### [Required work]
Could you repeat the entries below exactly, but only from the line with "Дверные доводчики ЕРМАК" through the line with "Rollos de etiquetas", and without any picture?

• • •

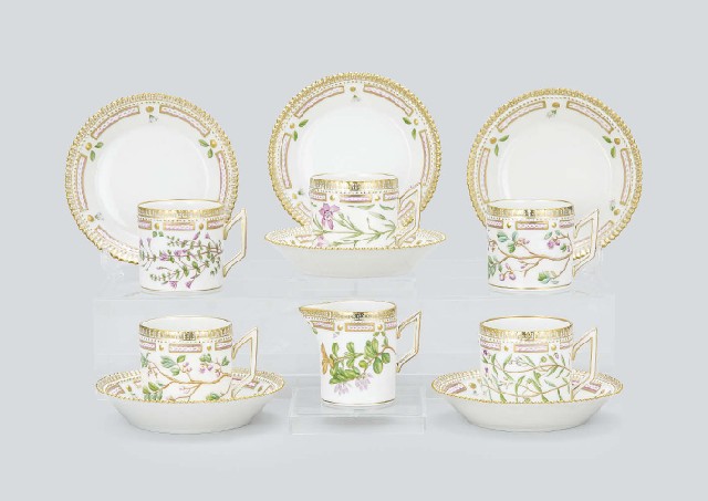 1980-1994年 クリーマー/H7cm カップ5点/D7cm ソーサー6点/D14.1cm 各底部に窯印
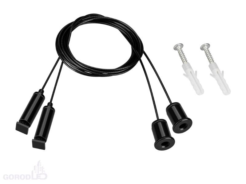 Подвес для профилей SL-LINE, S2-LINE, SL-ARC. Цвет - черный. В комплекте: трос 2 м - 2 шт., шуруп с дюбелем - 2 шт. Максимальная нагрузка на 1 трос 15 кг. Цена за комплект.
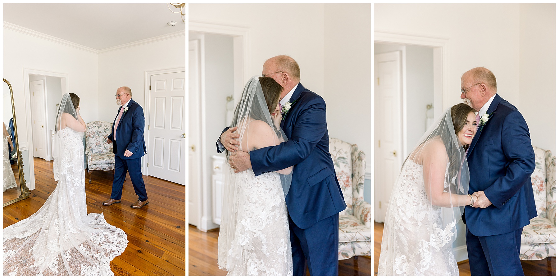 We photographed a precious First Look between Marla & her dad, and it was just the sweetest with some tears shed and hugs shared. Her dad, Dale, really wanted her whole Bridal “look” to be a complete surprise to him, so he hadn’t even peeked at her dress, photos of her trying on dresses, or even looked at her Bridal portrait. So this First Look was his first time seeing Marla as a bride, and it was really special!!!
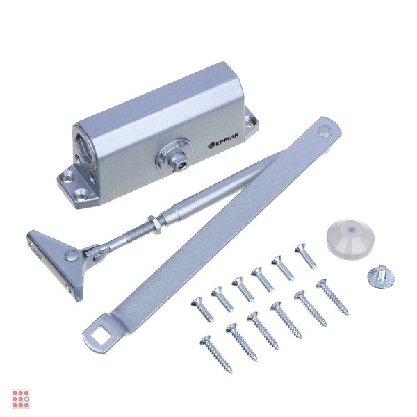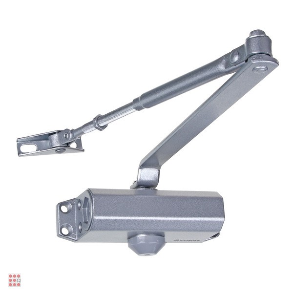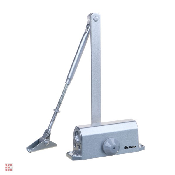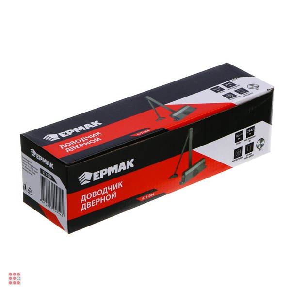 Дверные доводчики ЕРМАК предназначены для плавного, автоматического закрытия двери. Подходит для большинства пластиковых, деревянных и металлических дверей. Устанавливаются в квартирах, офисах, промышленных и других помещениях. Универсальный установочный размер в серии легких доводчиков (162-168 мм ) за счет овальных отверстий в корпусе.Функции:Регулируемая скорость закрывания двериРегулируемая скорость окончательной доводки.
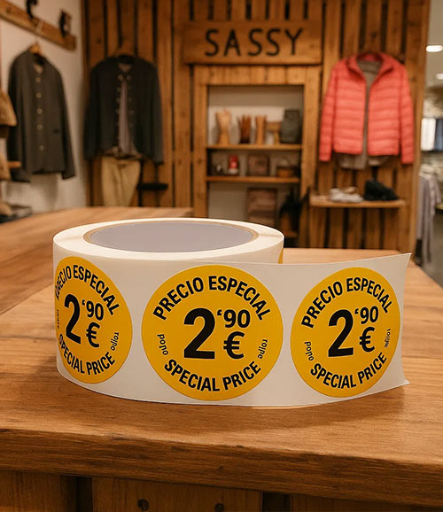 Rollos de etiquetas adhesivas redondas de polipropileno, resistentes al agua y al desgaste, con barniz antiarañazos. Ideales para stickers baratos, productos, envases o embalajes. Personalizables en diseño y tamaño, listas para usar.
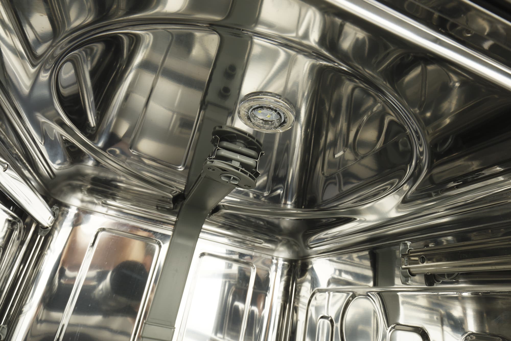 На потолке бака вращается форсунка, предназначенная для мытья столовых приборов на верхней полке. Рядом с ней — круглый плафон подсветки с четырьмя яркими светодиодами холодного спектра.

• • •

### [Answer space]
 Дверные доводчики ЕРМАК предназначены для плавного, автоматического закрытия двери. Подходит для большинства пластиковых, деревянных и металлических дверей. Устанавливаются в квартирах, офисах, промышленных и других помещениях. Универсальный установочный размер в серии легких доводчиков (162-168 мм ) за счет овальных отверстий в корпусе.Функции:Регулируемая скорость закрывания двериРегулируемая скорость окончательной доводки.
 Rollos de etiquetas adhesivas redondas de polipropileno, resistentes al agua y al desgaste, con barniz antiarañazos. Ideales para stickers baratos, productos, envases o embalajes. Personalizables en diseño y tamaño, listas para usar.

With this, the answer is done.